Categories of data scientists

  • Those strong in statistics: they sometimes develop new statistical theories for big data, that even traditional statisticians are not aware of. They are expert in statistical modeling, experimental design, sampling, clustering, data reduction, confidence intervals, testing, modeling, predictive modeling and other related techniques.
  • Those strong in mathematics: NSA (national security agency) or defense/military people working on big data, astronomers, and operations research people doing analytic business optimization (inventory management and forecasting, pricing optimization, supply chain, quality control, yield optimization) as they collect, analyse and extract value out of data.
  • Those strong in data engineering, Hadoop, database/memory/file systems optimization and architecture, API's, Analytics as a Service, optimization of data flows, data plumbing.
  • Those strong in machine learning / computer science (algorithms, computational complexity)
  • Those strong in business, ROI optimization, decision sciences, involved in some of the tasks traditionally performed by business analysts in bigger companies (dashboards design, metric mix selection and metric definitions, ROI optimization, high-level database design)
  • Those strong in production code development, software engineering (they know a few programming languages)
  • Those strong in visualization
  • Those strong in GIS, spatial data, data modeled by graphs, graph databases
  • Those strong in a few of the above.
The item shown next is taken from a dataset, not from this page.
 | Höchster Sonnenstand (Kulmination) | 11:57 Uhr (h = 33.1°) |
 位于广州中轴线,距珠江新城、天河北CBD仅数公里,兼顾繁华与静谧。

After 20 years of experience across many industries, big and small companies (and lots of training), I'm strong both in stats, machine learning, business, mathematics and more than just familiar with visualization and data engineering. This could happen to you as well over time, as you build experience. I mention this because so many people still think that it is not possible to develop a strong knowledge base across multiple domains that are traditionally perceived as separated (the silo mentality). Indeed, that's the very reason why data science was created.

Most of them are familiar or expert in big data. 
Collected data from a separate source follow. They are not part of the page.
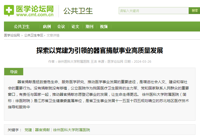 2024年3月,中国卫生健康思想政治工作促进会(简称“政促会”)公立医院分会公布了2023年度党建业务深度融合案例征集与评选结果,我院党委第六党总支报送的《探索以党建为引领的器官捐献事业高质量发展》案例荣获优秀案例。
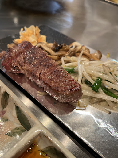 その横でお肉が密かにじっくり焼かれていきます。見るからに美味しそう。 後から鉄板の上に出てきた海鮮と野菜ががささっと焼かれて供されます。こちらも美味しい。 そちらを楽しんでいる間にメインのお肉も供されました。今まで食べたヒレ肉の中でも上位の柔らかさときめ細かさ。無茶苦茶美味しい。お味噌汁とご飯まで優しい味わい。
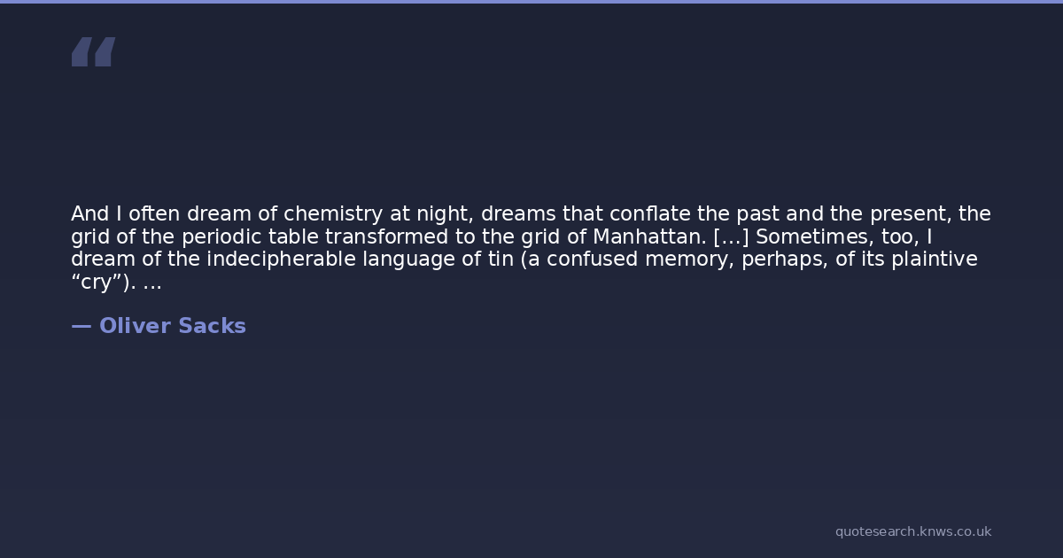 And I often dream of chemistry at night, dreams that conflate the past and the present, the grid of the periodic table transformed to the grid of Manhattan. […] Sometimes, too, I dream of the indecipherable language of tin (a confused memory, perhaps, of its plaintive “cry”). But my favorite dream is of going to the opera (I am Hafnium), sharing a box at the Met with the other heavy transition metals—my old and valued friends—Tantalum, Rhenium, Osmium, Iridium, Platinum, Gold, and Tungsten.

There are other ways to categorize data scientists, see for instance our article on Taxonomy of data scientists. A different categorization would be creative versus mundane. The "creative" category has a better future, as mundane can be outsourced (anything published in textbooks or on the web can be automated or outsourced - job security is based on how much you know that no one else know or can easily learn). Along the same lines, we have science users (those using science, that is, practitioners; often they do not have a PhD), innovators (those creating new science, called researchers), and hybrids. Most data scientists, like geologists helping predict earthquakes, or chemists designing new molecules for big pharma, are scientists, and they belong to the user category. 

Implications for other IT professionals

You (engineer, business analyst) probably do already a bit of data science work, and know already some of the stuff that some data scientists do. It might be easier than you think to become a data scientist. Check out our book (listed below in "related articles"), to find out what you already know, what you need to learn, to broaden your career prospects.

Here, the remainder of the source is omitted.